Changes in the Human Skeleton

  • In embryos, the skeleton is mostly hyaline cartilage (soft cartilage).
  • During development, most of this cartilage is replaced by bone.
  • Some cartilage remains in isolated areas such as the bridge of the nose, parts of ribs & in joints.
  • Epiphyseal plates allow for growth of long bone during childhood.
  • New cartilage is continuously formed and older cartilage becomes bone (ossification).
  • Cartilage is broken down & bone replaces cartilage (making the bone longer).
  • Bones are remodelled and lengthened until growth stops (bones change shape & grow in width).

Homeostasis in Bone

  • Bone resorption (breaking down bone) involves Osteoclasts breaking down bone & release calcium into the blood & parathyroid hormone (PTH) signals this when the body needs more calcium.
  • Bone deposition (building new bone) involves Osteoclasts creating new bone by depositing calcium and Calcitonin from the thyroid helps by lowering blood calcium and promoting bone formation.
  • Parathyroid hormone PTH causes an increase in osteoclast activity & also decreases calcium loss in urine.
  • Calcitonin causes a decrease in osteoclast activity.
  • Bone tissue can become stronger when it undergoes or experiences mechanical stress such as exercise.

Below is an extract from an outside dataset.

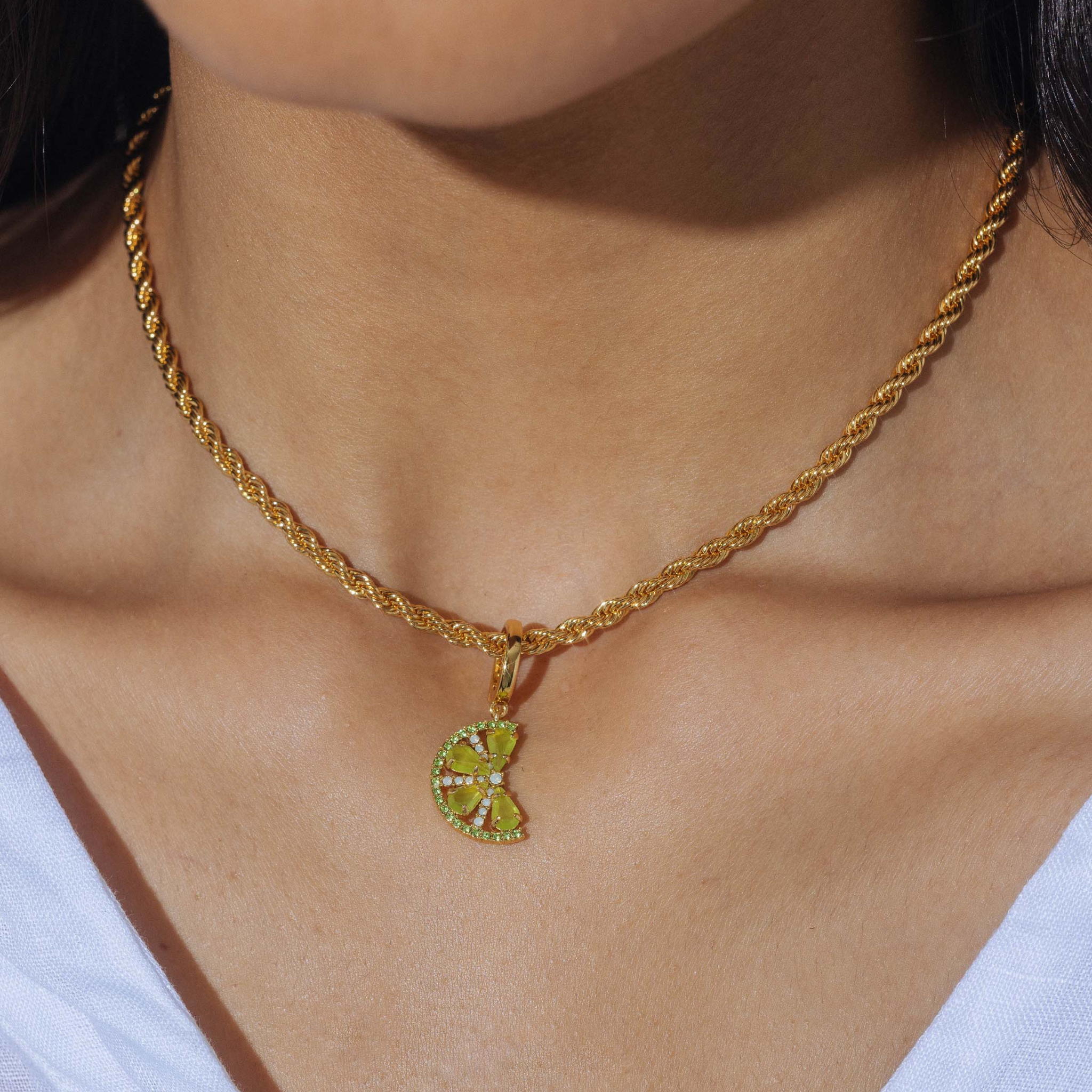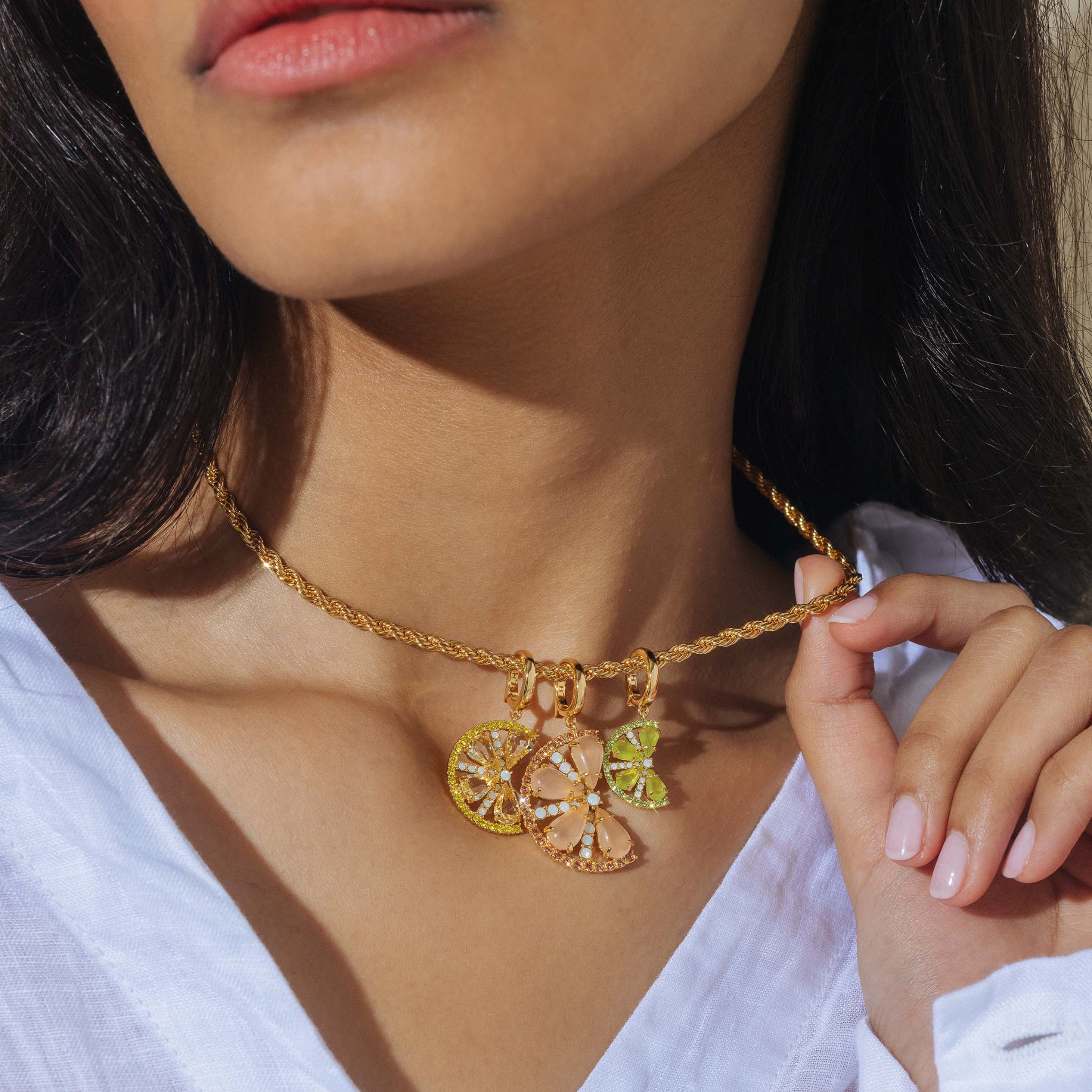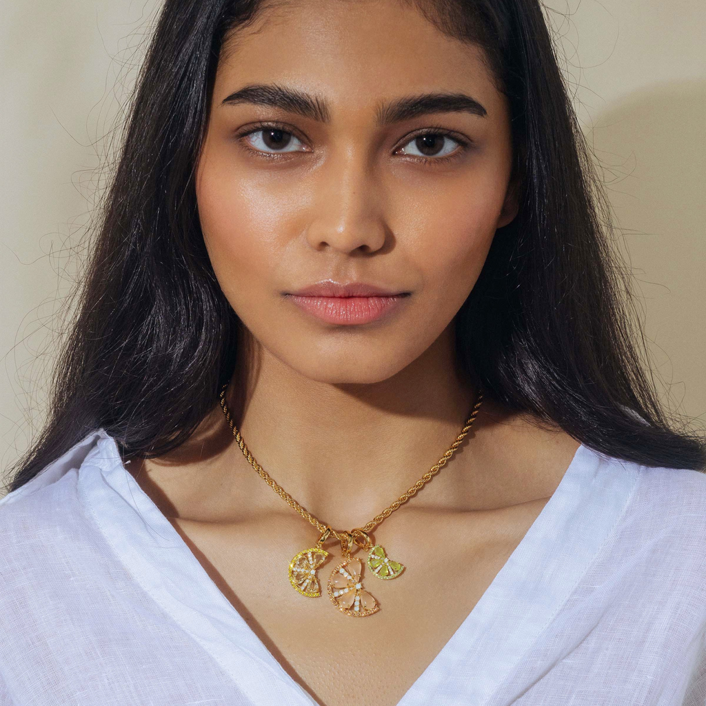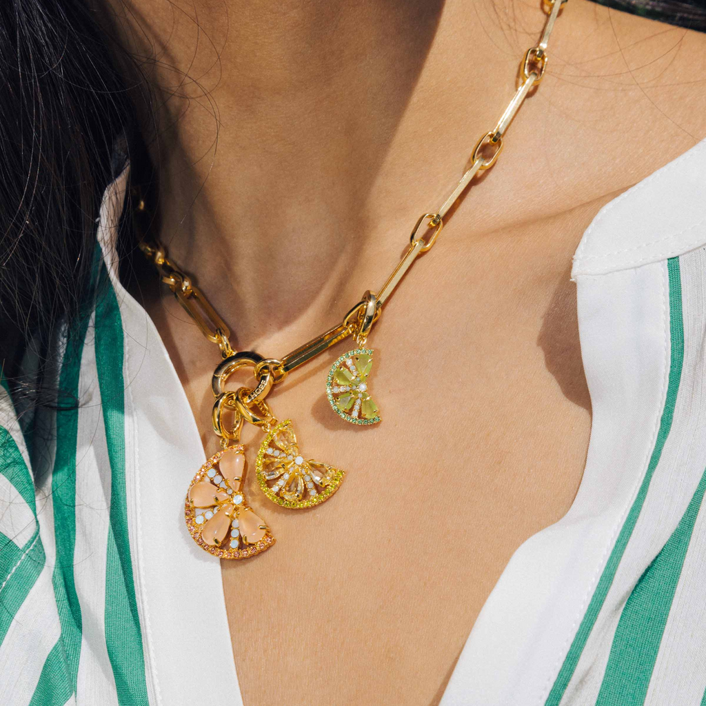 It’s hard to play favorites but we’d be lying if we didn’t think our Citrus Slice Trio Pendant Set has main squeeze potential. These teeny slices of grapefruit, lemon and lime beg to be layered in a jewelry fruit salad, dancing from our newest chain, the Cara Rope Chain Necklace. Features a 24K shiny gold finish over brass.

Action of Factors Affecting Bone

  • Adequate minerals (Ca, P, Mg) and Vitamins A, C & D are needed for bone development.
  • Before puberty, hGH + insulin-like growth factors, thyroid hormone and insulin, and sex hormones contribute to teenage growth spurt.
  • Weight-bearing activity/exercise
  • Deficiency of Vitamin A retards/slows bone development.
  • Deficiency of Vitamin C results in fragile bones.
  • Deficiency of Vitamin D weakens bones and can result in rickets & osteomalacia.
  • Insufficient Growth Hormone can cause dwarfism.
  • Excessive Growth Hormone can cause gigantism (tall children) & acromegaly (large hands, feet & face).
  • Insufficient Thyroid Hormone low levels delay bone growth.
  • Sex Hormones promote bone formation & stimulate ossification of epiphyseal plates.
  • Physical Stress stimulates bone growth.
  • Glucocorticoids these hormones activate osteoclasts and resorption of bone (bone breakdown).